3) Collision Resistance
- This property means it should be hard to find two different inputs of any length that result in the same hash. This property is also referred to as collision free hash function.
- In other words, for a hash function h, it is hard to find any two different inputs x and y such that h(x) = h(y).
- Since, hash function is compressing function with fixed hash length, it is impossible for a hash function not to have collisions. This property of collision free only confirms that these collisions should be hard to find.
- This property makes it very difficult for an attacker to find two input values with the same hash.
- Also, if a hash function is collision-resistant then it is second pre-image resistant.
*Give a few examples of hash functions*
Message Digest (MD)
Secure Hash Function (SHA)
RIPEMD
Whirlpool
### Activity 5: Implement FNV-1a
```c=
hash_t hash_fnv_gen(const void* data_, size_t size){
hash_t hash = FNV_OFFSET_BASIS;
const unsigned char* data = data_;
for(size_t i = 0; i < size; i++)
{
hash = hash ^ data[i];
hash = FNV_PRIME;
}
return 0;
}
hash_t hash_fnv_str(const char* str){
while(1)
{
static int i = 0;
if (str[i] == '\0')
break;
i++;
}
return 0;
}
```
### Activity 6: Implement hash-based indexing
```c=
size_t hash_index_gen(const void* data, size_t size, size_t M){
hash_t hash = hash_fnv_gen(data, size);
static int index;
for (size_t i = 0; i < size; i++)
{
index = hash % M;
}
return index;
}
size_t hash_index_str(const char* str, size_t M){
static int index;
while(1)
{
int count = 0;
if(str[count] != '\0')
{
index = str[count] % M;
break;
}
count++;
}
return index;
}
```
### Activity 7: Word counting
### Activity 8: Hash collisions
### Activity 9: Activity
## Look back
### What we've learnt?
In this week's activities we have learnt what a hash function is and we're able to name properties of a good hash function.
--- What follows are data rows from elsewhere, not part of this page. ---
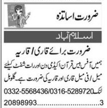 Vacant posts including qari and qaria are announced in Quran Academy Islamabad, islamabad Islamabad Pakistan as per 4 July 2023 advertisement in daily Express Newspaper. Persons with Middle, Intermediate and Matric etc. education can apply.
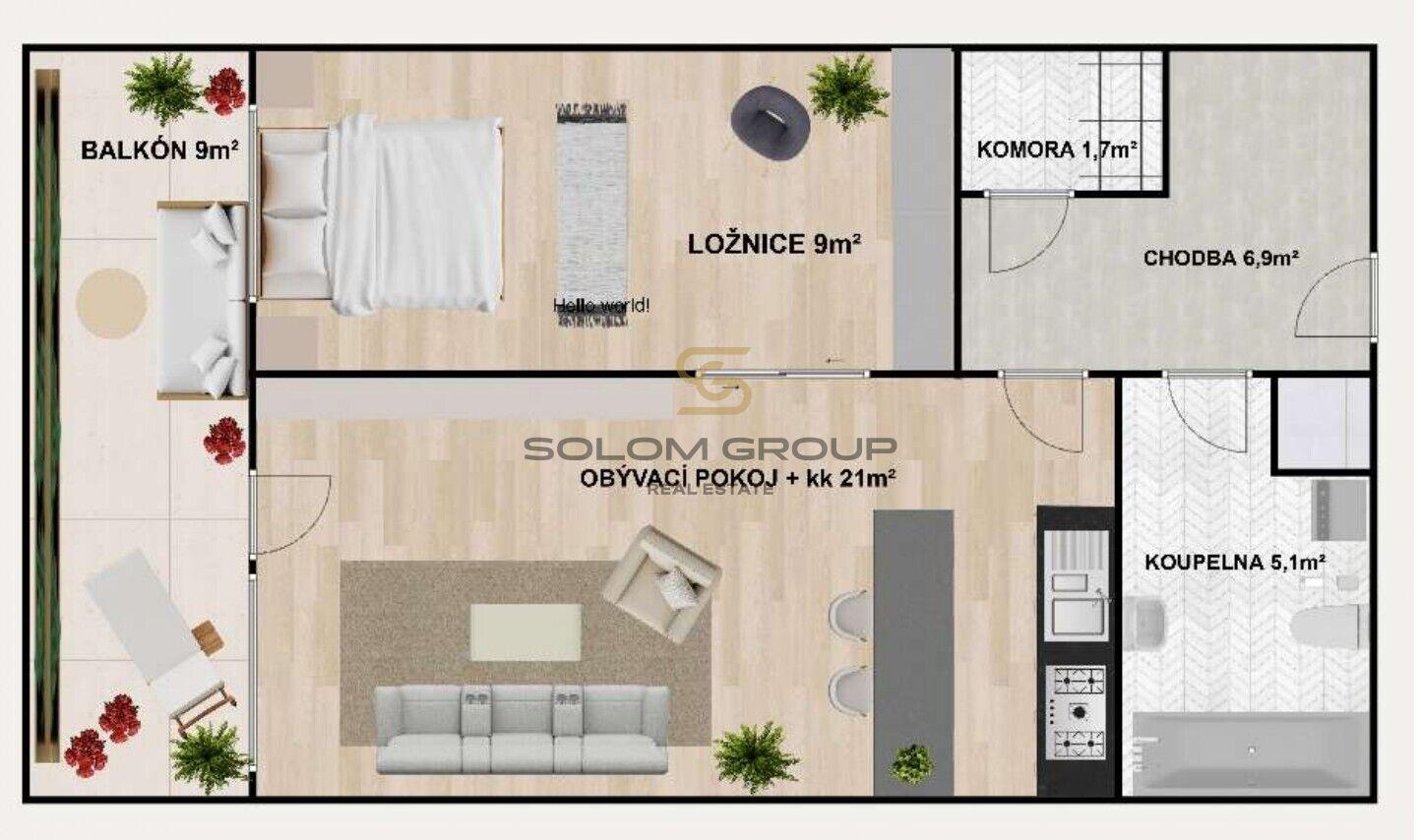 Prodej bytu 2+kk, 46,9 m² + balkón 9 m², který se nachází v 6.NP (poslední patro) cihlové novostavby v rezidenci Kaskády Barrandov, Praha 5 – Hlubočepy (Dům J). Výhled JZ. V bytě praktická komora na ukládání věcí.
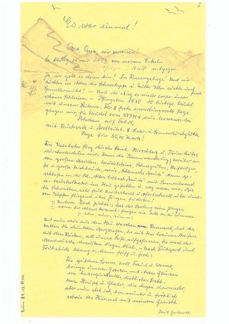 Es geht zur Schneekoppe im Riesengebirge. „Den Bericht dazu“ schrieb Anne-Marie aber erst 1994, mit 81. Lebensjahren aus ihrer Erinnerung, als ihre Nachkommen ebenso dieses Ziel hatten – allerdings bei geringerer Anstrengung, mit mehr Komfort aber weniger Intensiv-Erlebnissen. Hier ein Auszug / 2 Seiten.

We can also explain how a hashmap works and discuss its time complexity.
### What were the surprises?
In the worst case performace, a hashMap reduces to a linkedList.
### What problems we've encountered?
Finishing the activities.
### What was or still is unclear?
Last 3 activities
### How did the group perform?
The group performed well, but the communication between certain team members could have been better.